SQL Server Parallel Query Placement Decision Logic
Recently I had a conversion with (Jonathan Kehayias jonathan@sqlskills.com) about the placement of workers belonging to a parallel query. As I asked around and reviewed the code I quickly found that the assumption is still ‘Least Loaded Node’ but this changed in SQL Server 2012 and broad awareness for both our support engineers and customers is a bit light. This post highlights the various decision options available to SQL Server 2012, 2014 and 2016 releases.
There are many different DOP placement options SQL Server has to pick from. The table below outlines the selection types and documents there behaviors.
SMP or Connection Bound |
Place threads on one nodeConnect requires: -T2479 |
Either the system only has a single node or it is treated as if the connection node is the only node on the system. DOP is allowed as long as free threads on the node are >= (dop * branches in query) |
Full |
Place threads on all nodes
|
Node zero will always be the starting node. Starting at node id zero SQL Server loops across schedulers and nodes until all workers are placed.
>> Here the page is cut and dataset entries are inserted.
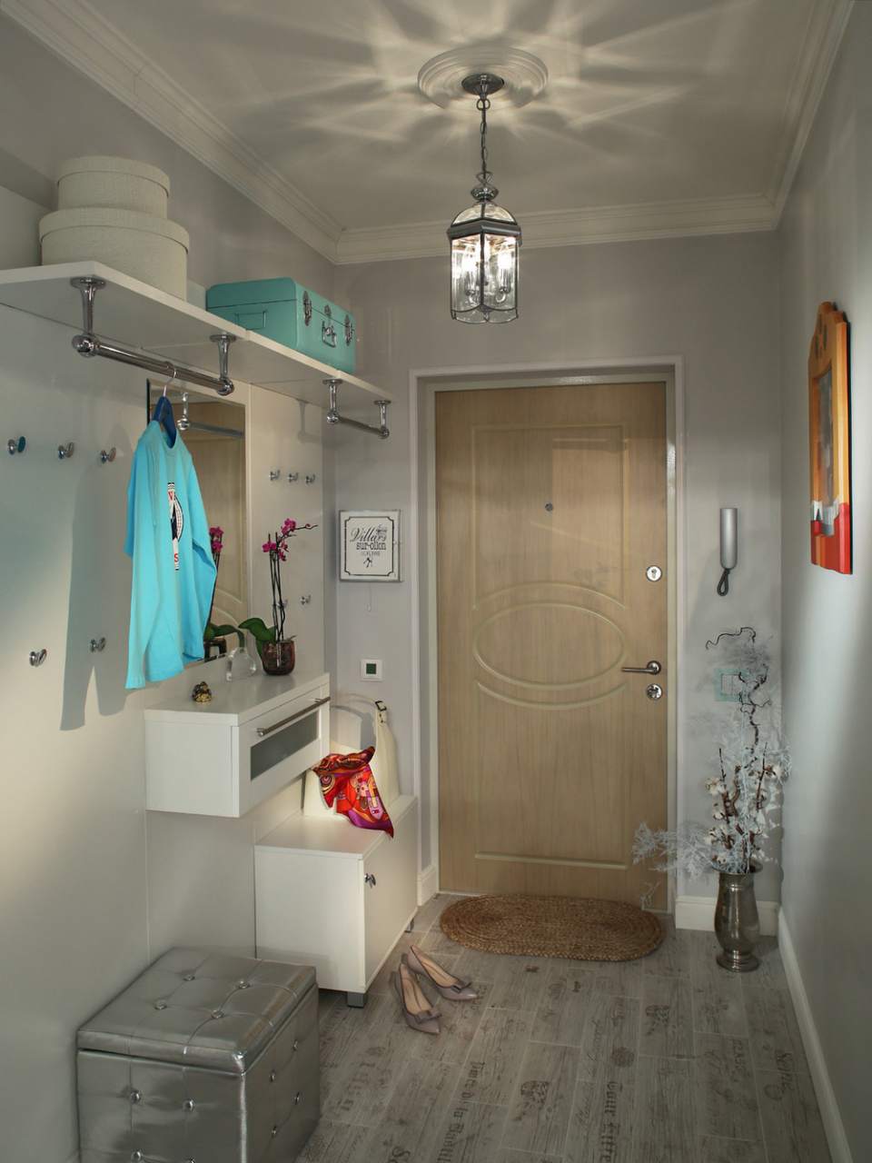 Как можно меньше декора и массивных деталей, громоздкой мебели. Только вешалка, небольшая структурная обувница. Можно поставить узкий шкаф, который по высоте едва касается потолка.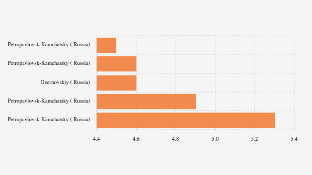 Gempa bumi dengan magnitudo 5.2 terjadi di Ozernovskiy, Russia pada tanggal 09 Agustus 2025 pukul 08:01:39 waktu setempat. Pusat gempa terjadi pada koordinat 158.2418 LU (Lintang Utara) dan 51.6323 BT (Bujur Timur) Ozernovskiy, Russia, gempa ini dirasakan hingga ke beberapa wilayah di sekitarnya.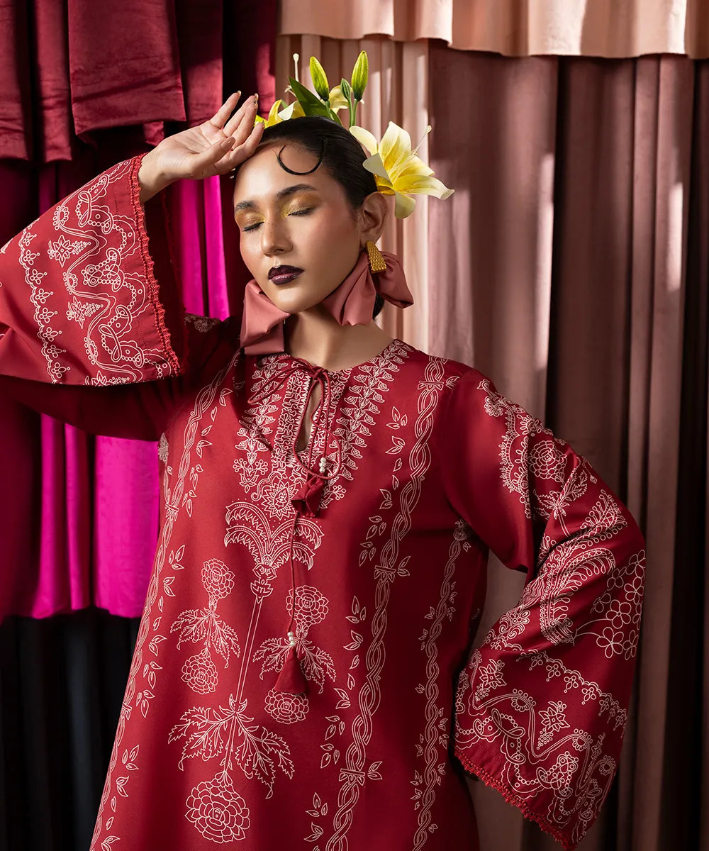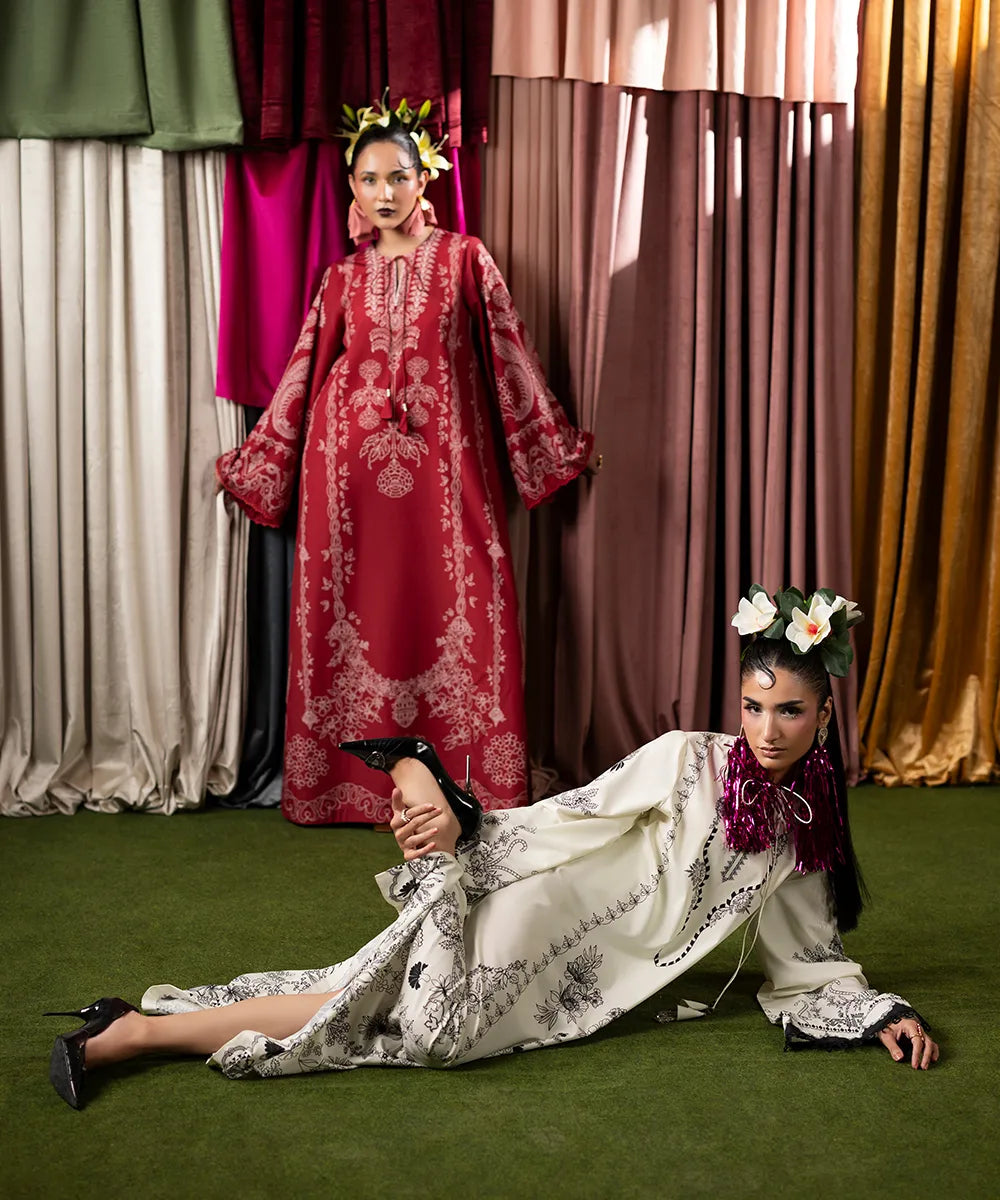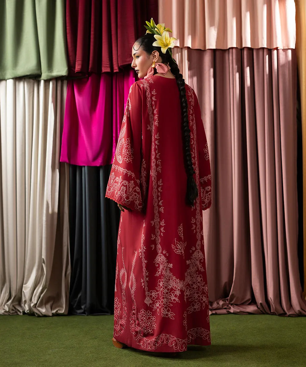 Wrap yourself in luxury in this stunning ruby red kaftan, crafted in crepe with a contemporary ivory print featuring lovely florals, meticulously woven like a poem.

DOP is allowed as long as all workers can be placed on the full system. |
Least Loaded Node |
Place threads on the least loaded node.Requires: -T2467 |
Loop over the online nodes determining if there are enough free threads on any single node to support the current DOP request. Making sure there are enough schedulers online within the node to support the request without stacking up requests from the query on the same scheduler(s.) |
Use Next Node |
Place threads within nodeRequires: -T2468 |
Find the next node that can service the DOP request. Unlike full mode, the global, resource manager keeps track of the last node used. Starting from the last position, and moving to the next node, SQL Server checks for query placement opportunities. If a node can’t support the request SQL Server continues advancing nodes and searching. |
Spread |
Place threads on multiple nodes |
This is the most common decision made by SQL Server. The decision spreads the workers across multiple nodes as required. The design is similar to full except the starting position is based on the saved, next node, global enumerator. |
- SQL Server does check for online nodes and skips the offline nodes.
- SQL Server considers the number of online schedulers within each node.
- When assigning workers SQL Server avoids assignment of the query’s workers on the same scheduler.
The decision logic is protected and synchronized across queries using the QRY_PARALLEL_THREAD_MUTEX (see sys.dm_os_wait_status.)
The following are a few of the outputs surrounding the DOP calculation decisions.
- XEvent: XeSqlPkg::calculate_dop
- SQL Server 2016 DMV: sys.dm_exec_query_parallel_workers
- Statistics XML: runtime information
Bob Dorr - Principal SQL Server Escalation Engineer
Comments
- Anonymous
March 23, 2016
This is the most documentation I've ever seen on node/thread/work placement. I have so many basic questions, like, what is the penalty for crossing nodes, do nodes share buffers, does it matter if cores are hyperthreaded, etc. - Anonymous
May 16, 2016
DOP? Is that degree of parallelism? "DOP is allowed as long as...." What does that mean? Is DOP a synonym for "parallelism"?